Mi Ángel de Luz

El inicio y el final de un amor

El día de su nacimiento fue tan tormentoso como la vida misma, desde el alba hasta el anochecer se mantuvo nublado, ni un atisbo de la luz solar en los resquicios de las nubes espesas y negras. Él esperaba ansioso la llegada de su primer hijo, sus manos sudaban y no dejaba de mover los pies con impaciencia.

Dentro de la sala de operaciones los doctores se movían rápido y una mujer gritaba de dolor mientras las lágrimas surcaban sus mejillas que se confundían con los chorros de sudor que la empapaban por completo. Una enfermera le decía palabras de aliento pero la mujer no tenía consuelo en ninguna palabra de ánimo que le dijeran; la sensación de punzada que le proporcionaban las contracciones se llevaban todo. Los doctores comenzaron a apurar el paso para que la mujer dejara de sufrir tanto.

Era un hecho que el parto se había comenzado a complicar y él en la sala de espera sentía como un frío recorría su columna; algo le decía que no iba nada bien. Se puso de pie y cambiaba de un lado a otro, su respiración se agitaba, la desesperación era evidente. Mientras tanto, Sandra comenzaba a perder oxígeno, su vista se borraba mientras escuchaba con dificultad como uno de los doctores decía a viva voz.

–Cesárea de urgencia ¡Rápido, rápido! –Se escuchaba desde adentro de la sala de operaciones.

Era evidente que Sandra perdía mucha sangre y los doctores actuaban lo más rápido posible pero todo parecía inútil, ella estaban perdiendo el conocimiento y sus signos vitales se debilitaban con cada segundo.
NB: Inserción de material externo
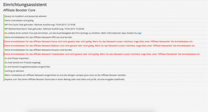 Nach der Installation der Affiliate Booster Plugins öffnet sich automatisch der Einrichtungsassistent. Dieser kann jedoch auch nach der Einrichtung weiterhin aufgerufen werden. Allerdings sollte man dessen Funktion nicht falsch verstehen. Viele verstehen darunter, dass man durch einen Prozess geleitet wird, welcher dann das Plugin mit allen möglichen Einstelungsmöglichkeiten fertig konfiguriert. Dies macht der Assistent von Affiliate Booster jedoch nicht. Dieser zeigt lediglich mit Statusmeldungen an, welche Einstellung noch zu machen ist beziehungsweise schon erledigt wurden, um die Benutzung einwandfrei zu garantieren. Das Design des Assistenten ist wie das restliche Design schlicht und einfach gehalten, allerdings wird in einem Backend auch nicht mehr benötigt. Die Hauptsache ist hier, dass das Backend übersichtlich ist, was hier der Fall ist. Mithilfe von dem Einrichtungsassistenten sieht man auf einen Blick, was noch zu machen ist oder was man noch alles machen kann, um einen guten Betrieb von Affiliate Booster zu gewährleisten.

Un bebé estaba viendo la luz poco a poco mientras que su madre pegaba un último suspiro mientras decía:

–Miguel… –Tras musitar esta palabra, poco a poco la oscuridad se apoderaba de su ser y su vida se extinguía finalmente.
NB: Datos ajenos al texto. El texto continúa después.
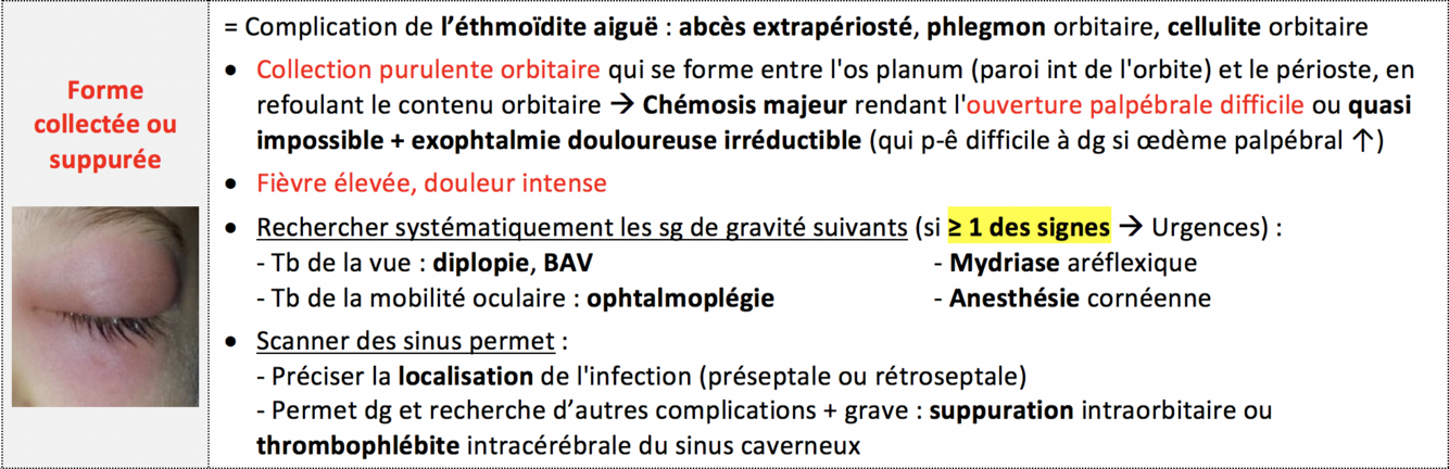 Ethmoïdite aiguë : forme collectée/suppurée

En la sala de espera Miguel ya no podía más con aquella incertidumbre que se llevaba cada halo de paciencia, pero no tuvo que esperar demasiado, ya que, el doctor que había atendido el caso de Sandra se acercó a él con el rostro perlado de sudor y una toalla en las manos; en un hilo de voz, pero sin manifestar emoción alguna, le había comunicado lo último que Miguel hubiera querido escuchar en su vida: su amada esposa había fallecido en el parto.

Las paredes del pasillo se llenaron con el grito de dolor que había salido desde la garganta de Miguel y sin más caía de rodillas al suelo, llorando desconsolado. Fue tanto el dolor que irradió en aquel momento que, algunas auxiliares se acercaron a intentar calmarlo pero fue inútil, él sabía qué había pasado ahí adentro de la sala de operaciones y el hecho de que ya no podría oír su voz otra vez desgarraba un poco más su corazón a cada segundo.

Cuando cesó un poco el llanto desgarrador, Miguel, aún sintiendo los espasmos de los sollozos y por completo desconsolado, vio que el doctor que le había dado la noticia, se acercó y le dio el pésame con un tono algo gélido en su voz y él solo le devolvió una débil sonrisa ladina. No necesitaba fingir empatía, ya se había dado cuenta que no tenía ni un ápice de esta y, al final el doctor solo había hecho su trabajo.

Cuando Miguel levantó la vista una enfermera venía caminando en su dirección, ella tenía una bebé envuelta en una frazada color rosa en brazos y él sintió que el mundo se detenía por un instante. En esos pocos segundos la tristeza fue nula y podía sentir cómo su corazón podía latir y recibir un oxígeno nuevo. El luto continuaba allí, pero la presencia de aquel ser tan pequeñito e indefenso que venía en brazos de aquella muchacha, la que sin saberlo, con cada paso había ocasionado un giro rotundo en sus emociones. Todo era una mezcla agridulce jamás experimentada por él en la vida.

–Aquí está su hija –le dijo con dulzura mientras él con los ojos hinchados la recibía y cuando la vio, la ternura se hizo presente; sonrió débilmente mientras unas palabras salidas de su boca le llenaron de una paz indescriptible.

–Hola… Sandrita. –Pese al dolor, Miguel no pudo evitar sonreír.